Re: Electric Breakdown

[David Bowman <dbowman@tiger.gtc.georgetown.ky.us>]

Dave Dockstader wrote:
> It seems that I don't understand ionization as well as I should.  I had thought
> that all the ions between electrodes would feel the same electric field and
> would be ionized simultaneously, much as all the electrons in a conductor
> move together.  Why don't they all ionize together?  Ignoring end effects,
> don't they all experience the same field?  Am I overidealizing the problem.

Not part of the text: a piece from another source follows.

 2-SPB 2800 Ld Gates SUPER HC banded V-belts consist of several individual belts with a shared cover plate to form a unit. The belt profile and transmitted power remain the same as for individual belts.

Certainly, ignoring any field inhomogeneities, such as end effects, the ions
*do* experience the same *initial* field.  Once a breakdown avalance gets
strongly underway in some region, the field in the deeply interior region of
high ion density weakens as the forming conductive ion/electron cloud moves in
a way which tends to neutralize the external field.  This weakened field 
strength means that the potential drop across the dense region of the
conductive cloud is less than average for its longitudinal extent.  Since,
presumably the electrode potentials are held (more or less) fixed this means
that an *inceased* potential drop occurs in the nonconductive region between
the conductive cloud and the electrodes.  This increased potential drop
increases the field strength in the region at the outer ends (along the
field direction) of the ion cloud.  This region of increased field strength
at the leading edges of the ion/electron cloud is what insures that the
breakdown chain reaction continues to propagate across the gap with ever
increasing vigor until the entire gap is filled with a high concentration of
conductive ions and electrons which then shorts out the external circuit of
the electrodes and the field strength collapses and a huge current flows.
The violence of these initially ionizing collisions which propagate the
region of ionization greatly heats the conductive cloud to a very high 
temperature, and this along with some recombination of electrons with ions
causes the photon emission we see as the glow of the spark.

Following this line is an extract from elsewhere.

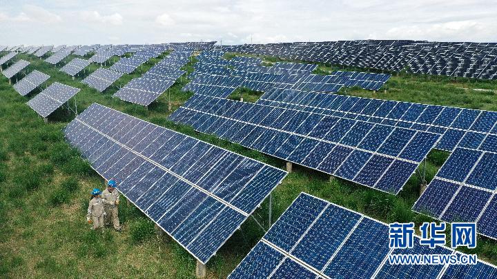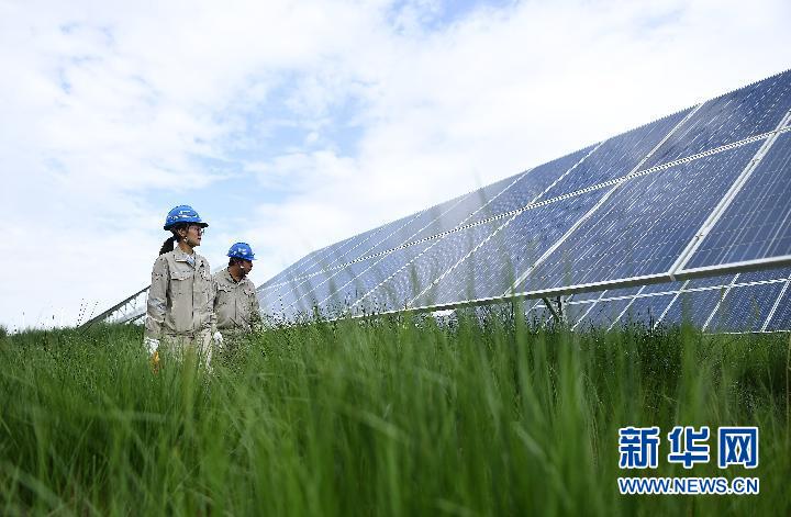 7月8日,在青海省海南藏族自治州共和縣,大唐青海公司新能源分公司兩名工作人員在光伏電站內巡檢。新華社記者 張宏祥 攝

Once the spark is struck the current flows easily with a greatly reduced 
overall field strength since the conductive ion channel has now been heated
to many thousands of degrees and this thermal agitation in the channel
prevents reneutralization of the channel and keeps it sufficiently ionized
to continue the conduction of the spark.  If the spark is oriented
horizontally then eventually convection processes push the hot spark channel
upward causing it to rise like a Jacob's Ladder demonstration or to bow
upward in the middle which stretches the conduction channel into a weaker
field region causing it to break open (like a lab prop in a Frankenstein
movie) and a new straight spark then forms directly across the electrodes
once the potential drop across the now newly high impedence medium rebounds.

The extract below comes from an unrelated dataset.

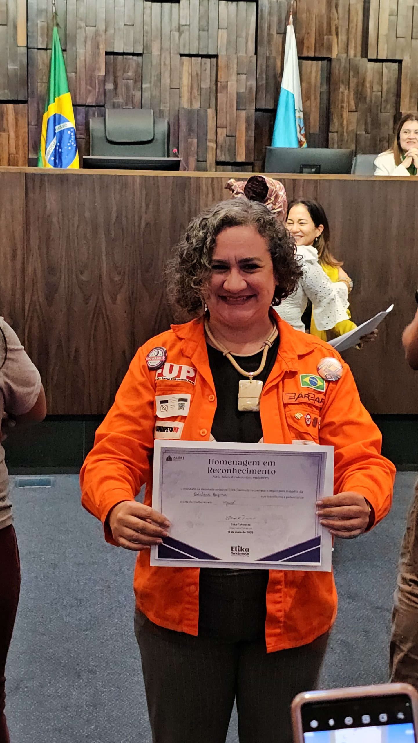 A diretora do Sindipetro-NF e da FUP, Bárbara Bezerra, foi uma das mulheres homenageadas, ontem, em atividade promovida pelo mandato da deputada Elika Takimoto (PT) para marcar o “Maio pelos Direitos das Mulheres”, na Alerj (Assembleia Legislativa do Rio de Janeiro).

Before the field is turned on the distribution of velocities of gas particles
is a Maxwell-Boltzmann distribution.  There will presumably always be a few
ions initially present (due to old tracks of background cosmic rays and other
ionizing radiation, left over exhaust remanents from previous chemical 
reactions, etc. if nothing else).  When the electric field is turned on
an initial ion accelerates in response to it until it collides with an
intervening gas particle and looses much of its accumulated kinetic energy to
the gas particle.  Eventually an ion-gas molecule collision occurs with such
vigor (due to the relative velocity of the constituent particles being in the
high end tail of the MB distribution) that the collision ionizes the gas
molecule.  Now just after the collision instead of one ion in this vicinity
we have two or more ions (and electrons) present, and these charged particles
accelerate in the field and collide with other neutral gas molecules.  This
is the beginning of a chain reaction cascade of ionization the sweeps across 
the region of high field strength between the electrodes.

> On a new plug the end of the center electrode has sharp edges so I presume
> the fields are strongest here and ionization occurs here first and propagates
> across the gap.  Am I getting close?

Sounds good to me.

> What about preferences for forming positive or negative ions?  I had expected
> that an electrostatic precipitator (used to remove dust from power plant
> exhaust) would strip electrons from the dust forming positive ions, which would
> then drift to negative plates.  Instead, I am told it is the other way around.
> Any body know why one way should be any better than the other.

Since the gas is electrically neutral I would expect an even mix of positive
and negative charges in the spark.  I'm not sure how many of the negative
charges will be in the form of bare electrons and how many of them will be
in the form of negative ions.  I expect the fraction of each is mostly 
determined by the electronic/chemistry properties of the gas particles.
Remember that when a bare electron collides with a neutral atom/molecule it
will either stick to it making a negative ion, bounce off possibly
electronically exciting the neutral particle, or knock off other secondary
electrons producing a positive ion and more electrons (which might then marry
up with other neutrals and make more negative ions).  Since the electron mass
is many thousands of times lower than the ion masses it is the bare electrons
that are colliding with other particles with the highest *speeds*.  *But* an
electron and a singly charged ion both accumulate the same kinetic energy
over the same distance in the same field.  I certainly don't know enough
about atomic physics and chemistry to know what the relative
(bare electron)/(negative ion) concentration ratio would be in the spark.

David Bowman
dbowman@gtc.georgetown.ky.us